Frisbees 'fly' because they catch a pocket of air which they ride on for a very short time - they are only marginally more efficient than a flat piece of wood compared to a 'proper' aerofoil. They are more like hovercraft - they only fly as long as their cushion is there, and they have sufficient forward momentum to maintain it - if you put a frisbee on a spinner, it doesn't take off on its own.
Oh and one final thing - other than publicity stunts, what other shape would a disc be except round??
If you're correct, and they have decent forward propulsion, this could work very well- a spinning disc that works as an aerofoil would provide lift while also providing massive stability thanks to the gyroscopic effect. The back rotor would provide a further stabalising system, meaning that when travelling at a constant speed this would probably be a good, stable platform.
So you've got a quick, highly stable VTOL platform. Sounds exactly what the DOD would be interested in!
I wonder what its radar profile would be like?
Look at the cross-section of an aircraft wing, or a helicopter blade - it's an asymmetric profile. That's the aerofoil shape. This means that even when the blade or wing is aimed level, it still generates lift.
Now look at the spinning disc, and tell me how that can assume the same shape. It can't, since it rotates. It can only generate lift by tilting the entire disc away from the direction of travel.

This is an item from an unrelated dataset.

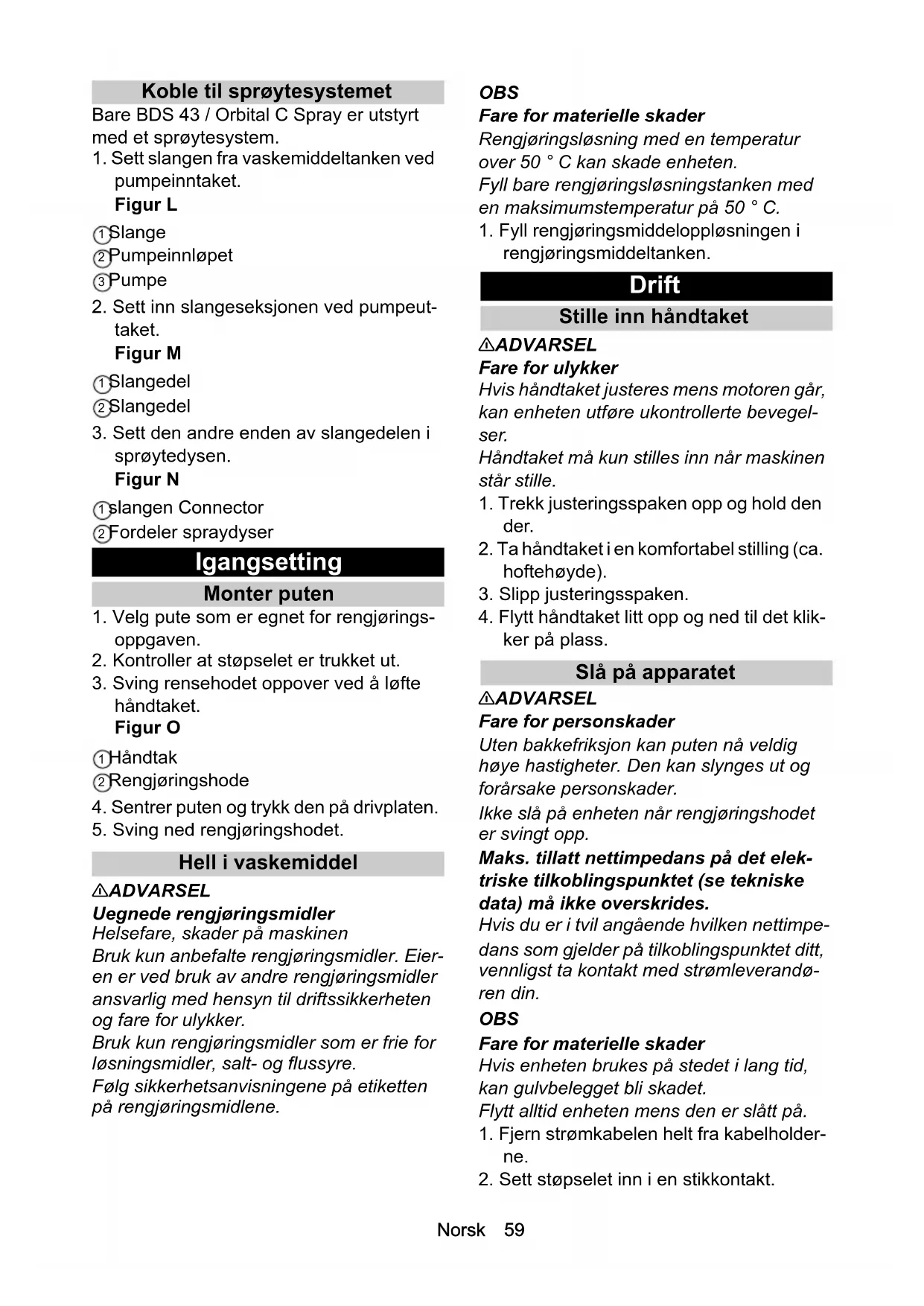 Bistand ved feil 몇 ADVARSEL Fare for personskader Enheten kan starte uventet. Sørg for å trekke strømpluggen ut av kon- takten før du begynner å jobbe på enheten.Norsk 61 Ved funksjonsfeil som ikke kan utbedres ved hjelp av følgende informasjon, venn- ligst kontakt kundeservice. Utilfredsstillende rengjøringsresultat Bytt skitten pute. Bytt ut slitt pute. Kontroller det anvendte rengjørings- middelet er egnet til denne bruken. Kontroller om den anvendte puten er eg- net til denne bruken. Enheten vibrerer sterkt Kontroller den sentrale plasseringen av puten på drivplaten. Sjekk festet på puten. Puten roterer ikke Kontroller om fremmedlegemer blokke- rer platens drivplate. Fjern fremmedle- gemer hvis nødvendig. Sett støpselet inn i stikkontakten. Bare med BDS 43/Orbital C spray Sprøytesystemet sprayer ikke eller sprøyter ikke nok Påfyll vaskemiddeltanken. Rengjør filteret i vaskemiddelstanken. Rengjør dysene. Garanti Vår ansvarlige salgsorganisasjon for det enkelte land har utgitt garantibetingelsene som gjelder i det aktuelle landet. Eventuelle feil på apparatet repareres gratis i garantiti- den dersom disse kan føres tilbake til mate- rial- eller produksjonsfeil. Ved behov for garantireparasjoner, vennligst henvend deg med kjøpskvitteringen til din forhandler eller nærmeste autoriserte kundeservice. (Se adresse på baksiden) Tekniske data Unntaksgrunn i henhold til forordning (EU) 2019/1781 vedlegg I avsnitt 2 (12): j) Med forbehold om tekniske endringer. EU-samsvarserklæring Vi erklærer herved at maskinen beskrevet nedenfor på grunn av design og konstruk- sjon, samt i versjonen som vi har markeds- ført, oppfyller de relevante grunnleggende helse- og sikkerhetskravene i EU-direktive- BDS 43/Or- bital C BDS 43/Or- bital C Spray Effektspesifikasjoner apparat Spenning V 220-

"Just wondered how much air-to-air chopper combat there has actually been?"
AFAIK, none, apart from exercises.
But the humble chopper *is* a fearsome weapons platform. Fixed-wing pilots are advised that the chopper's air-to-air misslies will be pointed at them 100% of the time. Heli's can hide right down on the deck, lose themselves in terrain, urban clutter or peek over the horizon with their sneeky radar/optronics masts and turn much faster to acquire a target
In all 1-on-1 fixed vs. rotary wing exercises, the fighter / ground attack pilot gets spanked He/she never even lnows what killed 'em.
Chopper vs. chopper would be much more... ...intersting.
S&K, 'cos heli's are deadly.
I dropped an 'n' in "wing" and it came out wig. Close enough, and more amusing.
As to airfoil shape--there's no need for it being asymmetric. At the right alpha and with enough thrust a brick will generate lift. (A common class exercise for young Aero students.) A saucer with the right dimensions is _far_ better than a brick.
Asymmetry has nothing to do with it--you've been looking at too many wing-shape cutaways in books that still say Mr. Bernoulli gives wings their lift since he knows how to match up air flows from the top and bottom of the wing. Mr. Bernoulli helps a bit, but mass flow gets you off the ground.
This could be the next Internet. We could all be flying round in giant frisbees if this thing takes off.
Yes I do remember streethawk, the bike was a road machine when on the road and magically changed into a motocross as soon as it's wheels hit grass or dirt. Amazing!